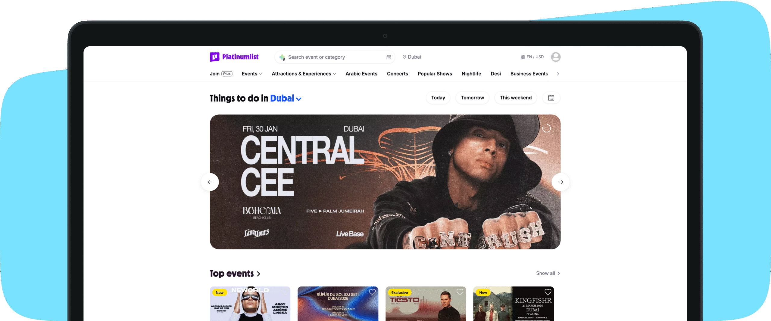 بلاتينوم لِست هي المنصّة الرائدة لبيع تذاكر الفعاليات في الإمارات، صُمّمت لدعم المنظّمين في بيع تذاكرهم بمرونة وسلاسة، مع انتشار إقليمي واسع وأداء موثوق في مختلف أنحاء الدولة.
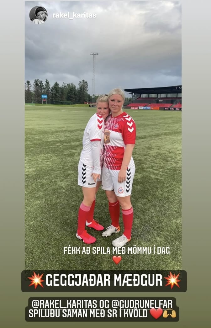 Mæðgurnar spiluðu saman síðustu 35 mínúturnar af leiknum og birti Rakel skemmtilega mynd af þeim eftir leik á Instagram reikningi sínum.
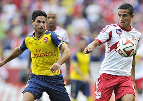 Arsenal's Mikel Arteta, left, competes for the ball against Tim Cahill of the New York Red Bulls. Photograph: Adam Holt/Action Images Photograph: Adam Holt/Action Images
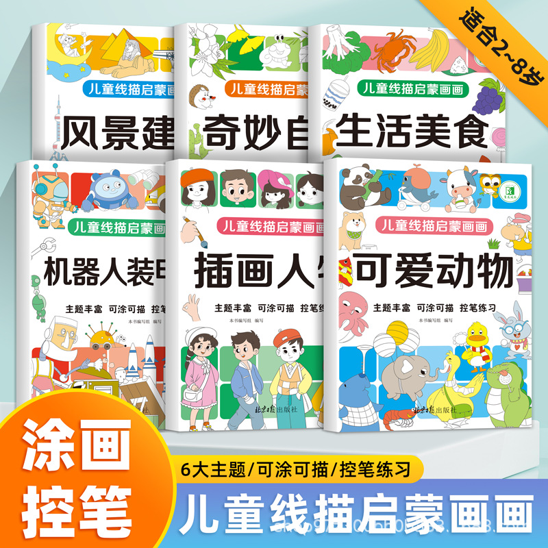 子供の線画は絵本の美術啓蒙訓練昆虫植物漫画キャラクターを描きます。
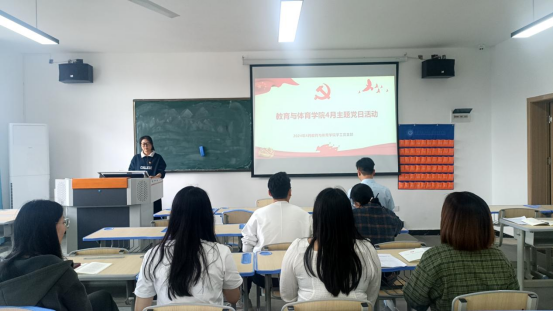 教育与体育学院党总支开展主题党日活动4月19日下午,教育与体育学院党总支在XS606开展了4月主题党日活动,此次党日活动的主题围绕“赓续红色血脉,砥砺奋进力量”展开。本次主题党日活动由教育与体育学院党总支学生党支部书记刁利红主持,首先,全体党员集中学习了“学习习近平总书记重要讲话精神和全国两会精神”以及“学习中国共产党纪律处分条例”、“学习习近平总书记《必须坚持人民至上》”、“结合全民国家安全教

→ What is being asked
Every line of the material must be returned exactly; leave the images out.

→ Result below
 بلاتينوم لِست هي المنصّة الرائدة لبيع تذاكر الفعاليات في الإمارات، صُمّمت لدعم المنظّمين في بيع تذاكرهم بمرونة وسلاسة، مع انتشار إقليمي واسع وأداء موثوق في مختلف أنحاء الدولة.
 Mæðgurnar spiluðu saman síðustu 35 mínúturnar af leiknum og birti Rakel skemmtilega mynd af þeim eftir leik á Instagram reikningi sínum.
 Arsenal's Mikel Arteta, left, competes for the ball against Tim Cahill of the New York Red Bulls. Photograph: Adam Holt/Action Images Photograph: Adam Holt/Action Images
 子供の線画は絵本の美術啓蒙訓練昆虫植物漫画キャラクターを描きます。
 教育与体育学院党总支开展主题党日活动4月19日下午,教育与体育学院党总支在XS606开展了4月主题党日活动,此次党日活动的主题围绕“赓续红色血脉,砥砺奋进力量”展开。本次主题党日活动由教育与体育学院党总支学生党支部书记刁利红主持,首先,全体党员集中学习了“学习习近平总书记重要讲话精神和全国两会精神”以及“学习中国共产党纪律处分条例”、“学习习近平总书记《必须坚持人民至上》”、“结合全民国家安全教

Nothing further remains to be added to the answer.